Two partitioning schemes are available:
- hive, corresponding to Apache Hive partitioning, is the
default one.
Each partitioning field corresponds to a nested directory. Let's consider a layer with fields "continent" and "country", chosen as partitioning fields. All features where "continent" evaluates to "Europe" and "country" evaluates to "France", will be written in the "continent=Europe/country=France/" subdirectory of the output directory.
NULL values for partitioning fields are encoded as __HIVE_DEFAULT_PARTITION__ in the directory name. Non-ASCII characters, space, equal sign, or characters not compatible with directory name constraints are percent-encoded (e.g. %20 for space).
- flat where files are written directly under the output directory using a default filename pattern of {LAYER_NAME}_{FIELD_VALUE}_%10d.
By default, the format of the input dataset will be used for the output, if it can be determined and the input driver supports writing. Otherwise, --format must be used.
gdal vector partition can be used as the last step of a pipeline.
The following options are available:
PROGRAM-SPECIFIC OPTIONS¶
- --feature-limit <FEATURE-LIMIT>
- Maximum number of features per file. By default, unlimited. If the limit is exceeded, several parts are created.
- --field <FIELD-NAME>
- Fields(s) on which to partition
Only attribute fields of type String, Integer and Integer64 are allowed. The order into which fields are specified matter to determine the directory hierarchy.
Starting with GDAL 3.13, geometry field names can be specified (OGR_GEOMETRY being the generic name for the first geometry field). Partitioning on geometry fields is done on the geometry type. This can be useful for file formats where a single geometry type per layer is allowed.
Starting with GDAL 3.13, --field is no longer required, but when it is not specified, --feature-limit and/or --max-file-size must be specified.
- --max-file-size <MAX-FILE-SIZE>
- Maximum file size (MB or GB suffix can be used). By default, unlimited.
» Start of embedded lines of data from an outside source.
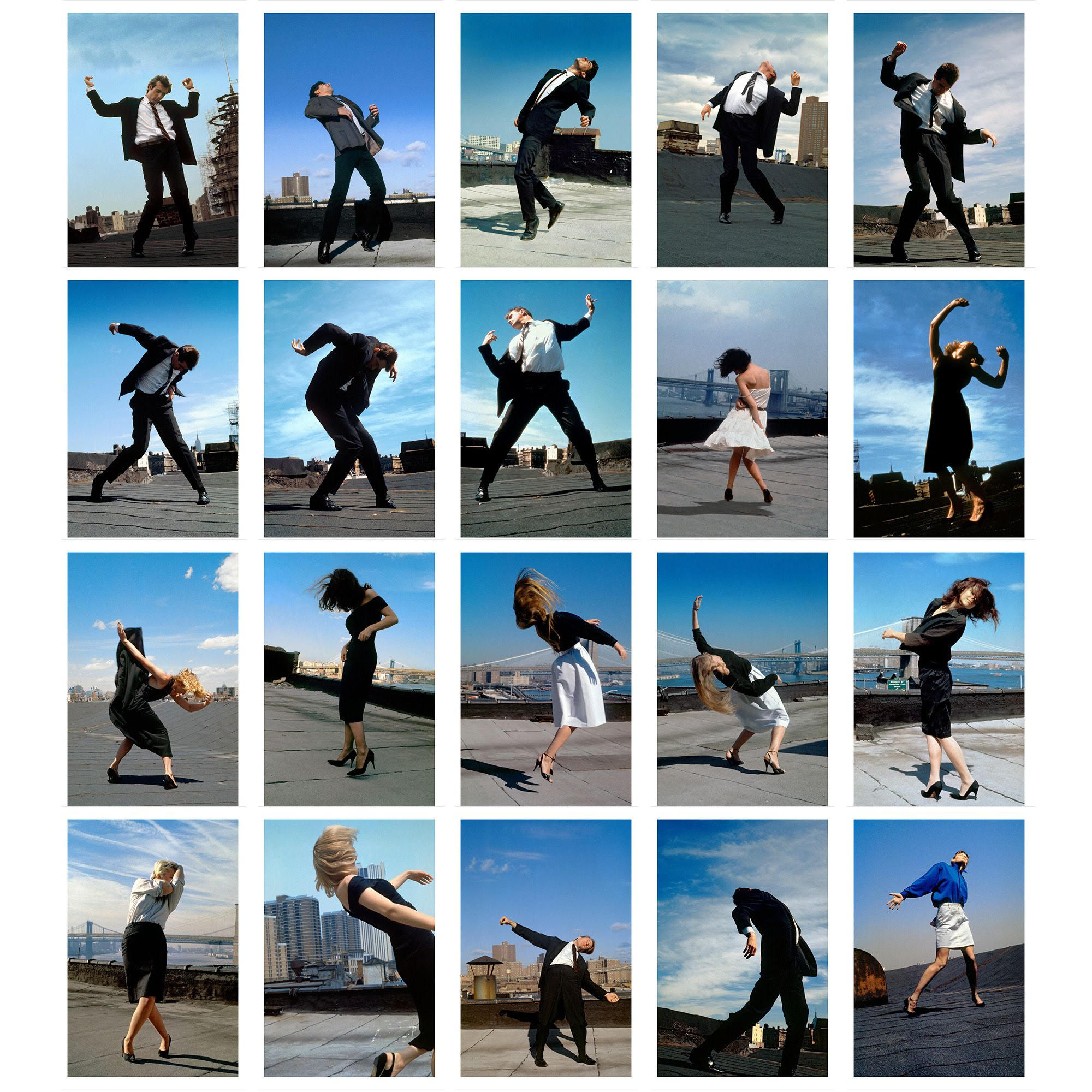 The resulting images - figures isolated against stark white backgrounds, frozen mid-motion - distill a single instant of psychological rupture. The anonymity of the subjects, combined with their formal suits and dresses, turns each into an archetype of late capitalist anxiety: the elegant professional under invisible pressure, suspended between power and collapse.
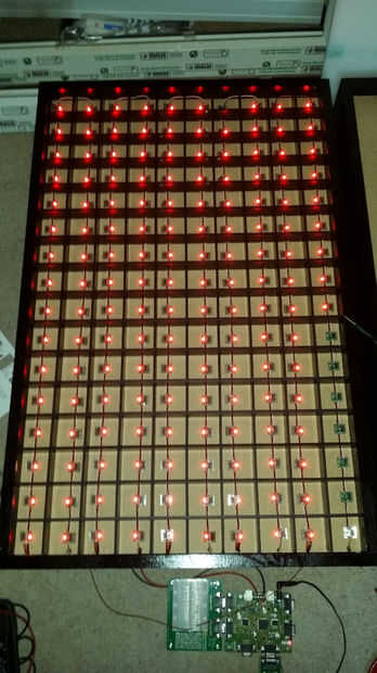 He presentado todas las secciones de 32 nodos en su lugar en la parte superior del compartimiento de la electrónica y entonces comenzó a resbalar las paredes de partición en lugar. Una vez que todas las paredes estaban en su lugar comencé a manipular los cables en los nodos para conseguirlos todos a sentarse tan plana como sea posible con su LED en el centro del compartimiento. Algunos de los ganglios externos tuvieron que ser pegada en posición pero traté de mantener la cola tan mínimos como sea posible para que los nodos podrían ser retirados y revisados en el futuro si algo va mal.
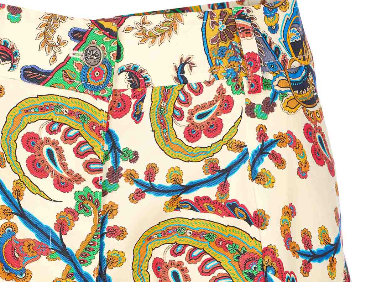 Etro weiße bedruckte Shorts, Knopf- und Reißverschluss, Taschen, hohe Taille, gemustert
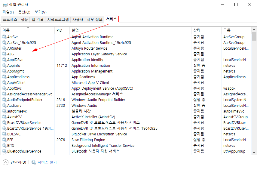 작업 관리자를 띄운 후, 서비스 탭으로 이동합니다
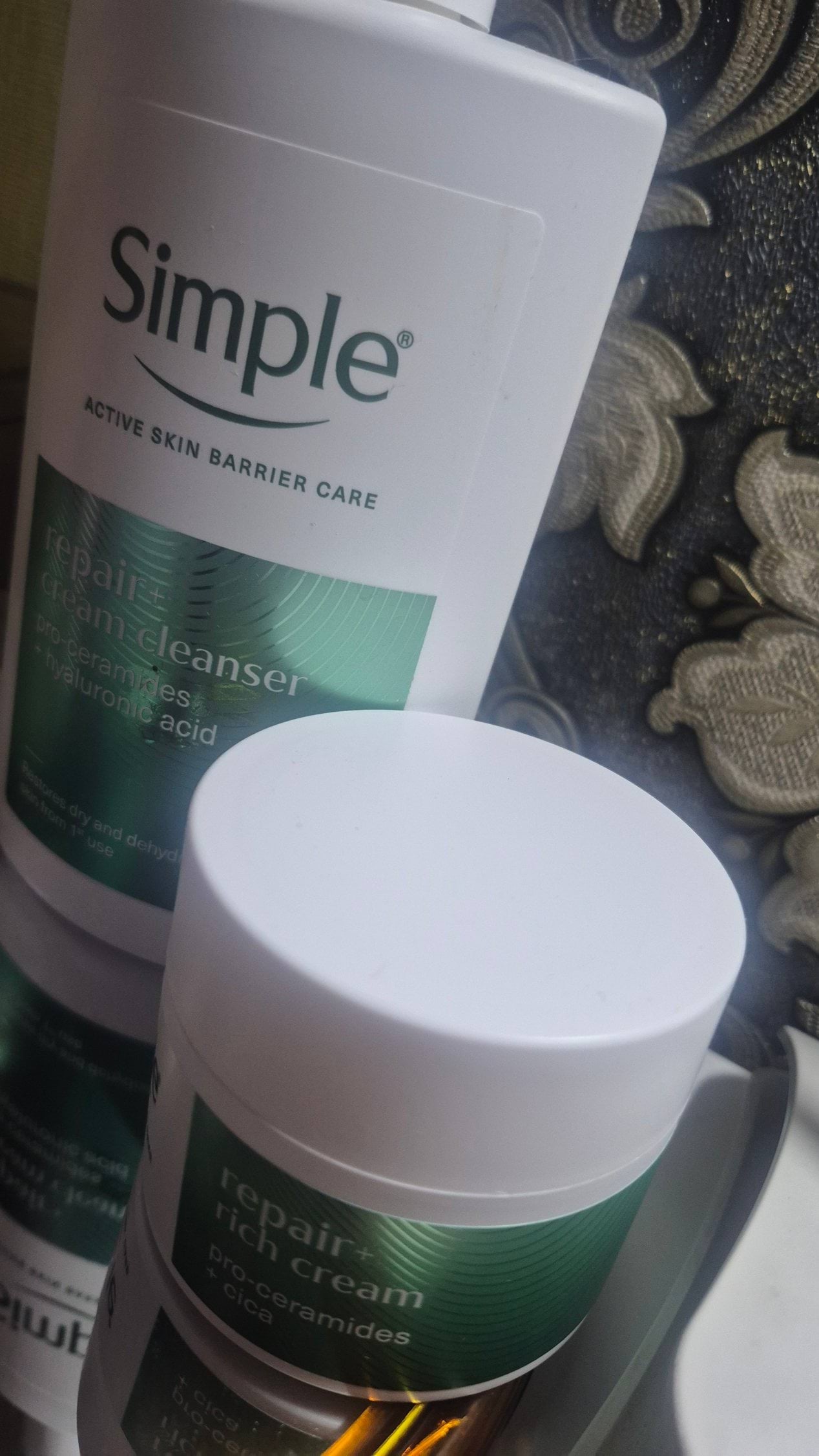 Засіб для вмивання Simple поєднує м'які очищувальні компоненти з активними доглядовими інгредієнтами. При контакті з водою він утворює ніжну піну, яка делікатно захоплює бруд і надлишки себуму. Про-кераміди допомагають відновити пошкоджені ділянки захисного бар'єру, а гіалуронова кислота запобігає трансепідермальній втраті вологи, що зазвичай відбувається під час вмивання. Таким чином, шкіра залишається чистою, м'якою та захищеною.

If
the limit is exceeded, several parts are created.
Note that the maximum file size is used as a hint, and might not be strictly respected, because the evaluation of the file size corresponding to a feature is based on a heuristics, as the file size itself cannot be reliably used when it is under writing. In particular, the heuristics does not assume any compression, so for compressed formats, the actual size of a part can be significantly smaller than the specified limit.
- --omit-partitioned-field
- Whether to omit partitioned fields from the target layer definition. Automatically set for Parquet output format and Hive partitioning.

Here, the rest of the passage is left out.